Panjandrum
A wonderful story is told about the origin of this mock title for an imaginary or mysterious personage of much power or a pompous, pretentious or self-important person in authority.
Samuel Foote
In 1753, the actor Charles Macklin retired from the London stage and opened an entertainment in Covent Garden that he called the British Inquisition. At seven o’clock every evening this featured a lecture by Macklin followed by a debate. These became popular for a while; so much so that a playwright and fellow actor named Samuel Foote was provoked to attend.
Among his many accomplishments, Foote was a master mimic, aided by a devilishly sharp wit; he seems to have barracked Macklin without mercy. Macklin was unwise enough to claim as part of a lecture on memory that his own was so highly trained he could remember any text he had read just once. Foote is said to have composed on the spot as a challenge a bit of nonsense that has since become famous:
So she went into the garden to cut a cabbage-leaf to make an apple-pie; and at the same time a great she-bear, coming up the street, pops its head into the shop. “What! No soap?” So he died, and she very imprudently married the barber; and there were present the Picninnies, and the Joblillies, and the Garyulies, and the grand Panjandrum himself, with the little round button at top, and they all fell to playing the game of catch as catch can till the gunpowder ran out at the heels of their boots.

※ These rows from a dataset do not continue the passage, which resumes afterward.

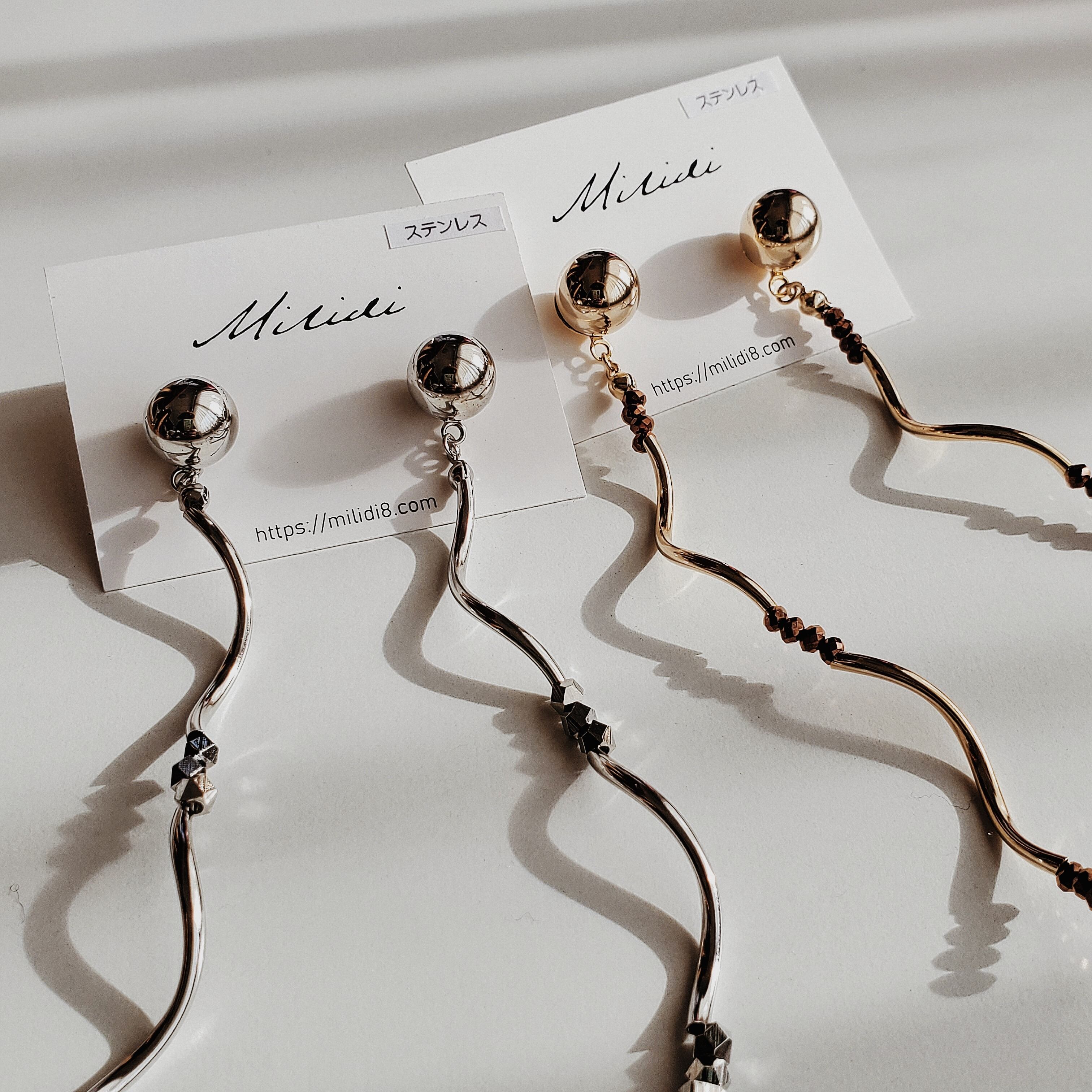 ウェーブパイプとカットビーズのロングピアス/イヤリング。
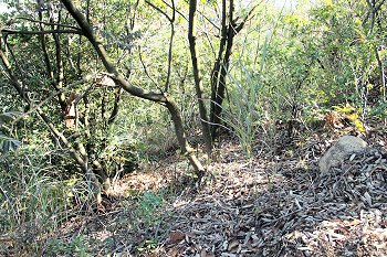 このまま後方から付いて歩けば良かったのでしょうけど、つぃ、「やぁ、今日は(^-^)/」と後方から声を掛けましたら、もぅビックリのタヌキsan。急いで崖下の雑木林の中に逃げ去ってしまいましたネ。
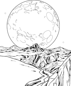 Venus dominates the left portion of this space illustration, its surface marked by overlapping circular craters of varying sizes and irregular formations that create a distinctive lunar-like texture in this detailed coloring design. The volcanic plain behind features parallel ridgelines and wave-like geological patterns that suggest ancient lava flows, while scattered stars of different sizes fill the cosmic backdrop. Crater rims cast shadows that add dimensional quality to the planetary surface. The planet's cratered surface needs careful shading to distinguish each circular depression from its neighbors-try using darker tones along crater edges to create depth. Consider warm yellows and oranges for Venus itself to reflect its actual atmospheric colors, while the volcanic plain could use burnt siennas or deep grays to show the ancient rock formations. The starfield background might work best with a dark blue or purple base rather than pure black, which helps the white stars stand out

Quoted in Oliver Cromwell, Daniel De Foe, Sir Richard Steele, Charles Churchill, Samuel Foote, a book of biographical essays by John Forster, Third Edition, 1860. This volume also includes the detailed story I’ve outlined.
One of Randolph Caldecott’s illustrations for The Great Panjandrum Himself, a children’s picture book based on Samuel Foote’s text, c1885.
It is said that Macklin was so indignant at this nonsense that he refused to repeat a word of it. Most of Foote’s invented words in this piece vanished as quickly as they appeared, but grand panjandrum survived to become a part of the language, no doubt because of its cadence and internal rhyme, and was later shortened just to panjandrum.
There is a problem with this story. The text became widely known only much later, from about the middle of the nineteenth century. Its first appearance in print was in 1825, in a novel by Maria Edgeworth, Harry and Lucy Concluded, in which it is quoted as a test of memory and attributed to Foote. Though it was presumably by then well known, nobody has turned up an earlier written version.